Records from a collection
- Opening Delimiter -
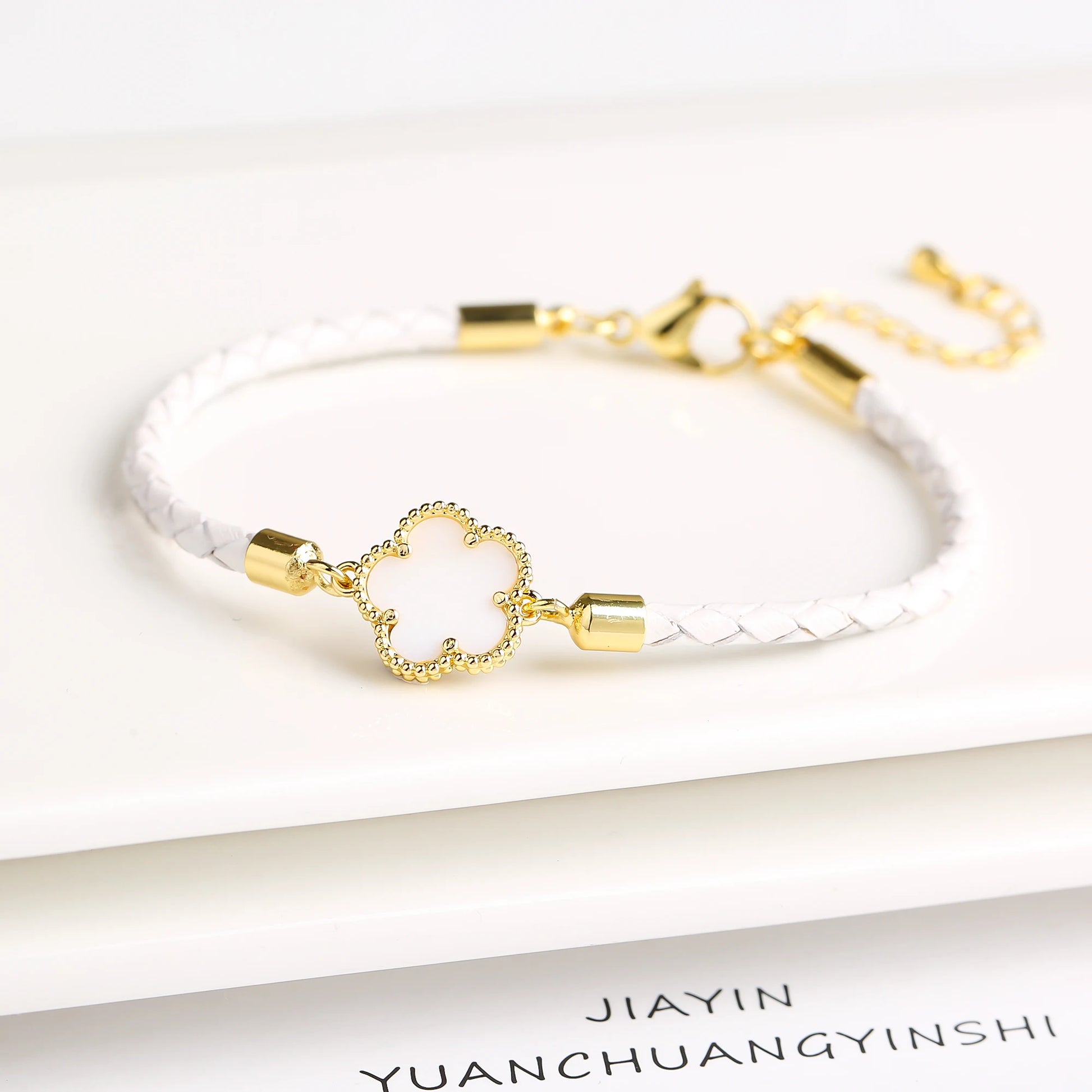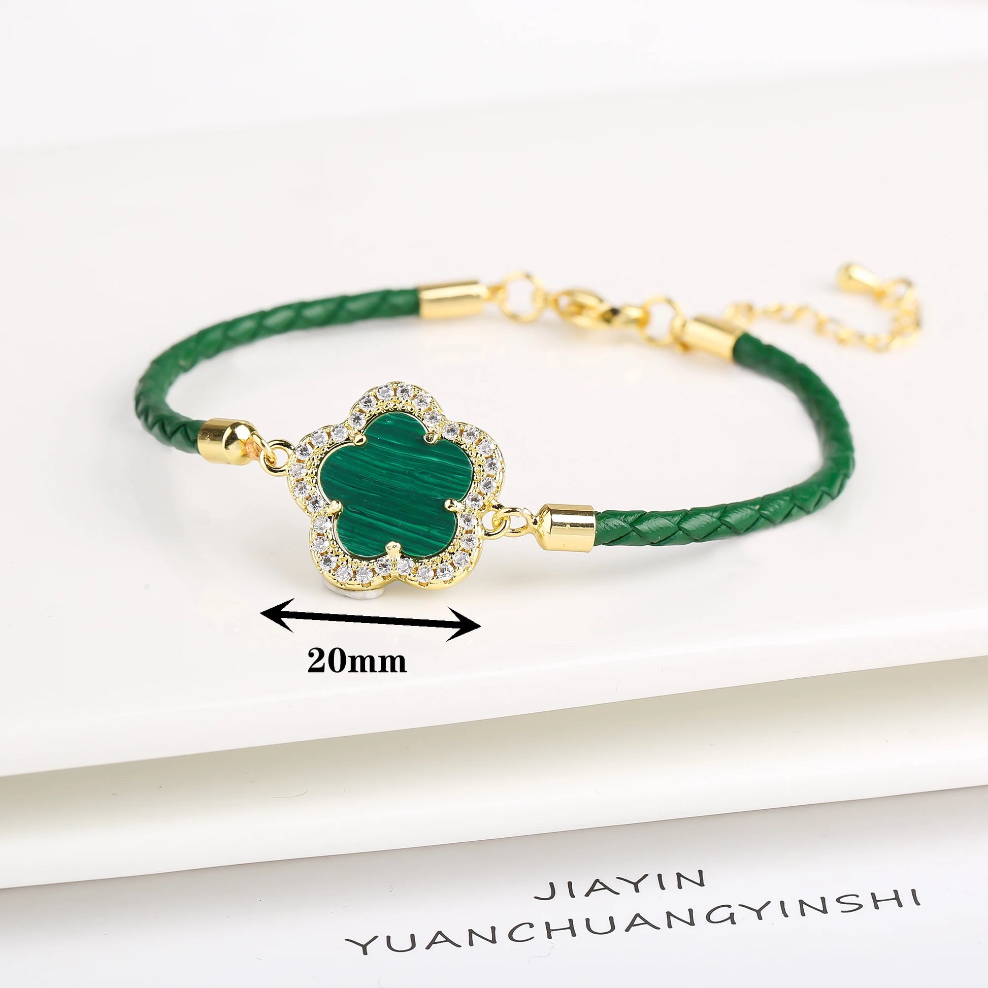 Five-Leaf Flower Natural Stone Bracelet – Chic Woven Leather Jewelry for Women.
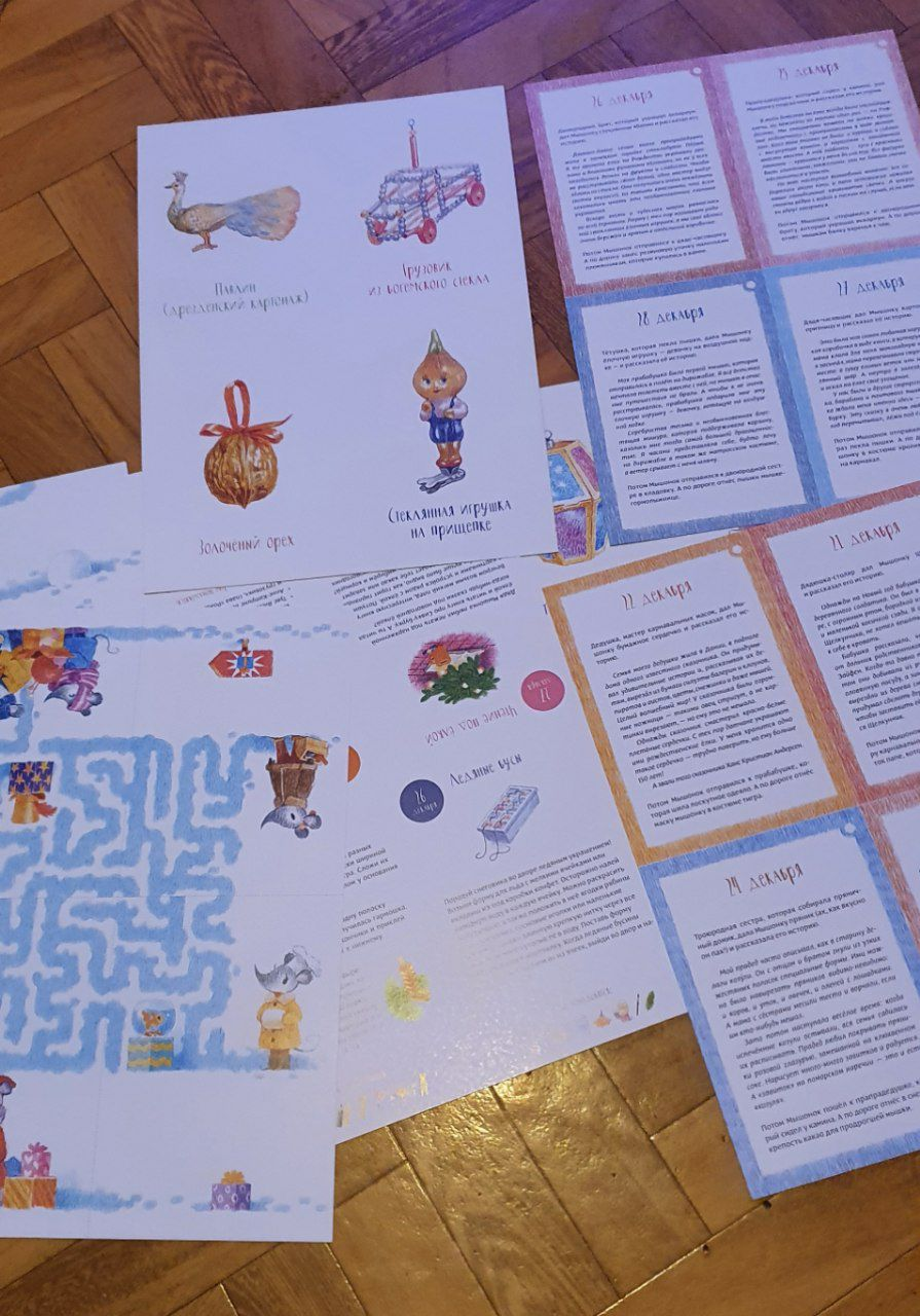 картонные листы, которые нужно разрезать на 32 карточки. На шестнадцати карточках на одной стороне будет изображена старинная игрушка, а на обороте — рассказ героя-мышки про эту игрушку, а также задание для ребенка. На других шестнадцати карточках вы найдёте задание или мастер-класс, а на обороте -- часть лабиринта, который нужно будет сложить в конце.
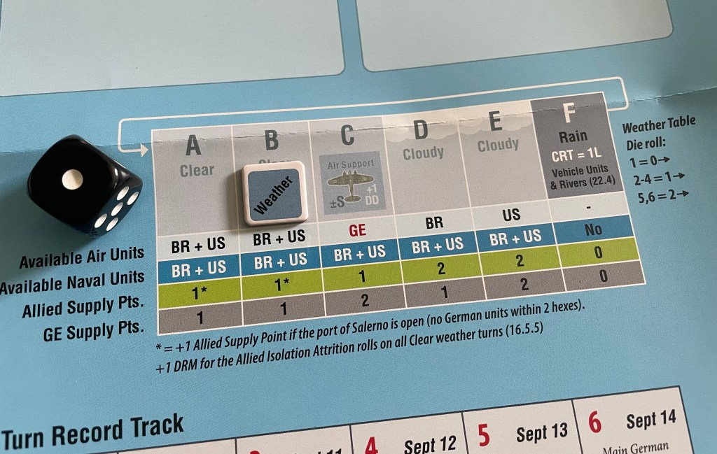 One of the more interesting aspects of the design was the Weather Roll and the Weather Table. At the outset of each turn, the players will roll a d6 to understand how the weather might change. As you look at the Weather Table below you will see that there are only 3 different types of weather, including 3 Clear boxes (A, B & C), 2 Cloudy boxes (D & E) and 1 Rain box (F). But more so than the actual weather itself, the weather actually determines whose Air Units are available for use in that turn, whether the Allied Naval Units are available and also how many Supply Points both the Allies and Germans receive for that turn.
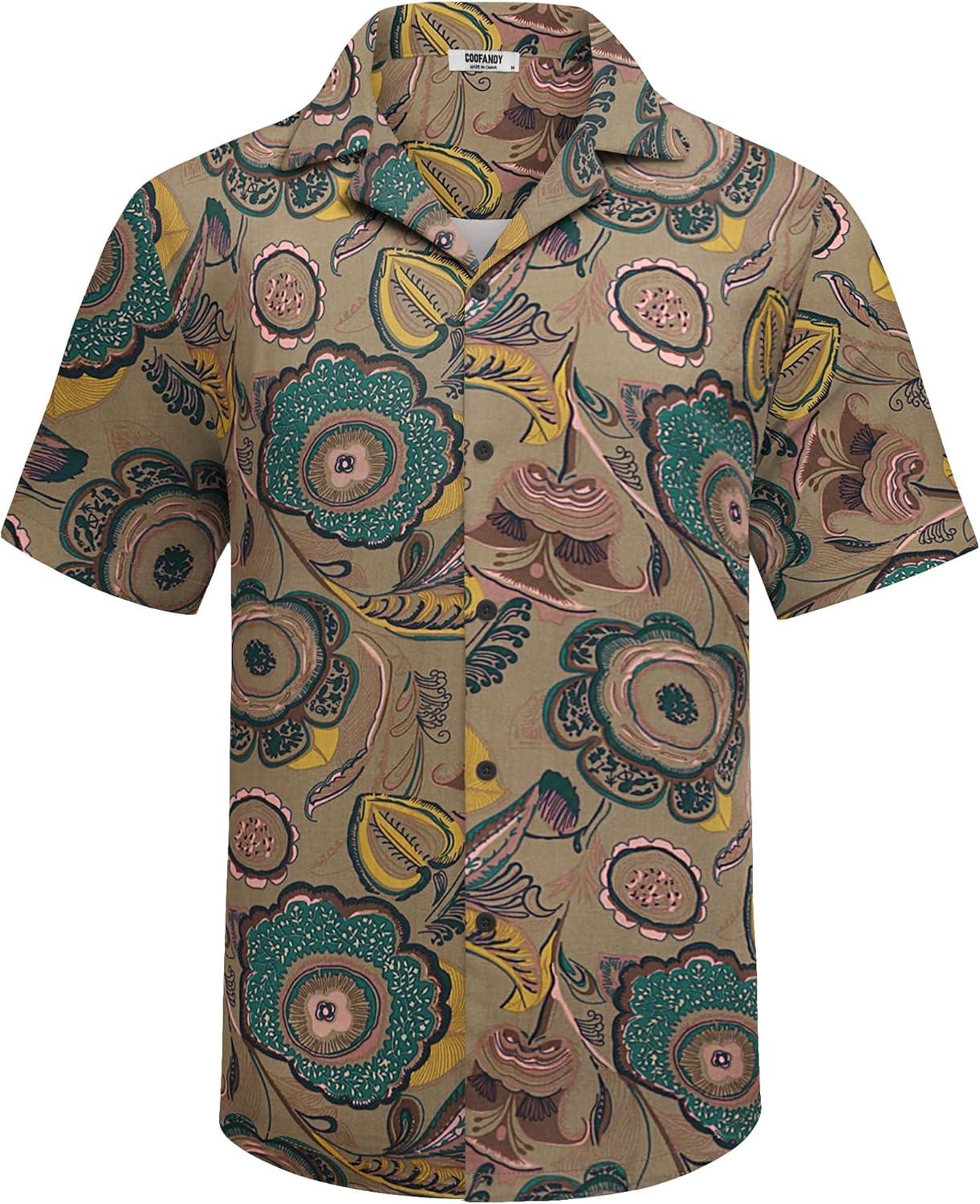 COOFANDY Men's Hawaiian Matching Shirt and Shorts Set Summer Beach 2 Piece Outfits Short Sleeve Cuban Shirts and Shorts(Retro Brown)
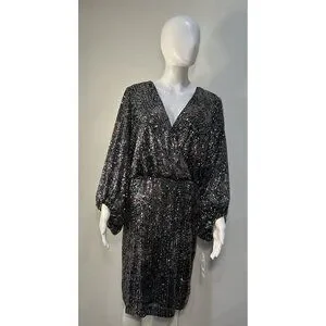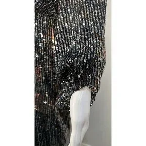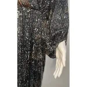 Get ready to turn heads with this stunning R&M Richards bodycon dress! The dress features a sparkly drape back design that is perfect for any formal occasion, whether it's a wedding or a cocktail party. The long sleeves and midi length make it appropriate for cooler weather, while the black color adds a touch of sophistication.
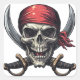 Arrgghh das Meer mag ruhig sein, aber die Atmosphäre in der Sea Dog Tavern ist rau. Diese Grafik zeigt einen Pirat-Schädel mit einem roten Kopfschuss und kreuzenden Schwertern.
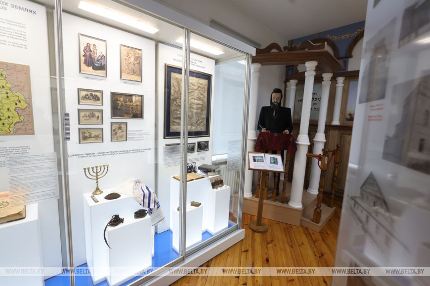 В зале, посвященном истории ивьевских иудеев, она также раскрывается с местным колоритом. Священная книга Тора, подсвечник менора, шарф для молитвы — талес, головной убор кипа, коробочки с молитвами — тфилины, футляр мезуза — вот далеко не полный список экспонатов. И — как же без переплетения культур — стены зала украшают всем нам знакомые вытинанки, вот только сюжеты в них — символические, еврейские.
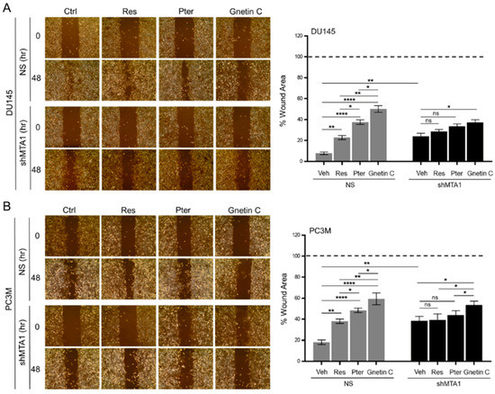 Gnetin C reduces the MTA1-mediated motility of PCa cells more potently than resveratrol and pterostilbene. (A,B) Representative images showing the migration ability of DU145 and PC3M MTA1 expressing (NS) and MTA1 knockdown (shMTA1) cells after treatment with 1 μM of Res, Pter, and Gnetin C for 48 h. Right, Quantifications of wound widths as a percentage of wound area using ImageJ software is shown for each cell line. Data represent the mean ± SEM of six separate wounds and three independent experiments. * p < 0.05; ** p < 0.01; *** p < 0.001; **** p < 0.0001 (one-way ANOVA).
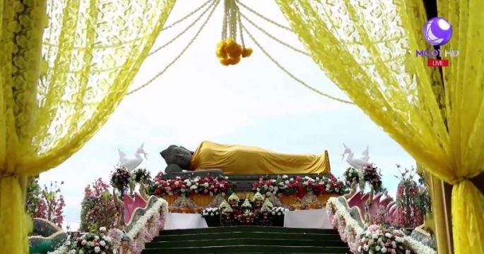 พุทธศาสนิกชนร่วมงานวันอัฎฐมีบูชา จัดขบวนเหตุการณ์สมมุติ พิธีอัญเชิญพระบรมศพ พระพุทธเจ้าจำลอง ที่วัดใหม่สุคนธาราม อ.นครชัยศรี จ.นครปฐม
- Closing Delimiter -
# GOAL OF THE EXERCISE:
Give the lines exactly, from the first line of the entries to the line with "COOFANDY Men's Hawaiian", both ends included. Skip the pictures.

# SOLUTION TO THIS PROBLEM:
 Five-Leaf Flower Natural Stone Bracelet – Chic Woven Leather Jewelry for Women.
 картонные листы, которые нужно разрезать на 32 карточки. На шестнадцати карточках на одной стороне будет изображена старинная игрушка, а на обороте — рассказ героя-мышки про эту игрушку, а также задание для ребенка. На других шестнадцати карточках вы найдёте задание или мастер-класс, а на обороте -- часть лабиринта, который нужно будет сложить в конце.
 One of the more interesting aspects of the design was the Weather Roll and the Weather Table. At the outset of each turn, the players will roll a d6 to understand how the weather might change. As you look at the Weather Table below you will see that there are only 3 different types of weather, including 3 Clear boxes (A, B & C), 2 Cloudy boxes (D & E) and 1 Rain box (F). But more so than the actual weather itself, the weather actually determines whose Air Units are available for use in that turn, whether the Allied Naval Units are available and also how many Supply Points both the Allies and Germans receive for that turn.
 COOFANDY Men's Hawaiian Matching Shirt and Shorts Set Summer Beach 2 Piece Outfits Short Sleeve Cuban Shirts and Shorts(Retro Brown)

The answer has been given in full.